Pity, Party of One. Scratch that Party of Two.

When I woke up this morning I was sick.
I have the headache, body ache, sore throat, runny nose stuff.
I woke up this morning I just wanted to feel sorry for Doug. I wanted Nicole and the kids to feel sorry for Doug. I wanted to have my own little pity party for Doug, because I was sick. The good news is that no one in the family was going to allow me to have that party and if I was going to have that party it was going to be a party for one and after I did the things that had to be done.

This us usually how pity parties go. They are parties that we have all by ourselves because the focus of a pity party is us. I am sick. I want to feel sorry for me. I want others to pamper me. I want them to feel sorry for me. ME. ME. ME. It is MY party and I will cry if I want to. It is all about I, me, and my.

So, I woke up sick. No one wanted to join me for a pity party. I was focusing on poor me and then I read the 139th Psalm.

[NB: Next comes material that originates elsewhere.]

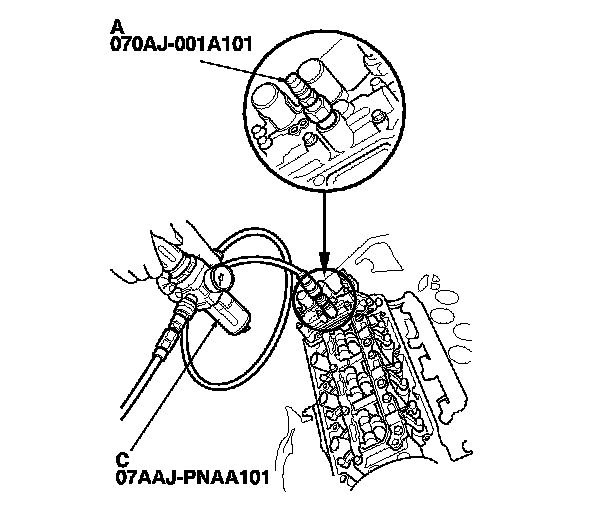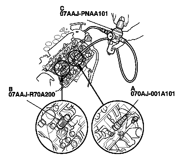 9. Remove the sealing bolt, then install the VTEC/VCM air adapter (A) to the inspection hole and install the VTEC air stop tool B (B), then connect the air pressure regulator (C) as shown.

O LORD, you have searched me and you know me.
You know when I sit and when I rise; you perceive my thoughts from afar.
You discern my going out and my lying down; you are familiar with all my ways.
Before a word is on my tongue you know it completely, O LORD.
You hem me in—behind and before; you have laid your hand upon me.
Such knowledge is too wonderful for me, too lofty for me to attain.
Where can I go from your Spirit?

Where can I flee from your presence?
If I go up to the heavens, you are there; if I make my bed in the depths, you are there.
If I rise on the wings of the dawn, if I settle on the far side of the sea,
even there your hand will guide me, your right hand will hold me fast.
If I say, "Surely the darkness will hide me and the light become night around me,"
even the darkness will not be dark to you;

the night will shine like the day, for darkness is as light to you.
For you created my inmost being; you knit me together in my mother's womb.
I praise you because I am fearfully and wonderfully made; your works are wonderful,

I know that full well.
My frame was not hidden from you when I was made in the secret place.
When I was woven together in the depths of the earth, your eyes saw my unformed body.
All the days ordained for me were written in your book before one of them came to be.
How precious to me are your thoughts, O God! How vast is the sum of them!
Were I to count them, they would outnumber the grains of sand.

When I awake, I am still with you.

Pity parties are never parties of one. They are always a party of at least two. God is with me. God is with you. There is no place that we can go and escape God's presence. God is with us in our pity parties. Why? Because God cares.

God doesn't however, want us to just dwell in our pity. He doesn't want us to waste our time feeling sorry for ourselves or becoming self absorbed. The thing that we need to do is stop focusing on ourselves and focus on God.

God is with us. God is in control. The world will keep rotating. Healing will come. God is God. We are his creation. We are fearfully and wonderfully made. No matter what are situation or where we are at God is with us. God is working in us and through us in every moment. It is always a party of two!

Love today,
In Christ love and mine,
Doug

Comments

Tammyb said…
Sorry you got the crud! Hope you are feeling better soon. Sometimes when you're sick it is okay to let those who love you take care of you, and it's your bodies way of saying you need some down time. We all need to feel that we are "cared about", it's when we take advantage and allow it to go on to long or when we really aren't sick, just feeling sorry for ourselves. If you're really sick - then you're really sick. Feel better!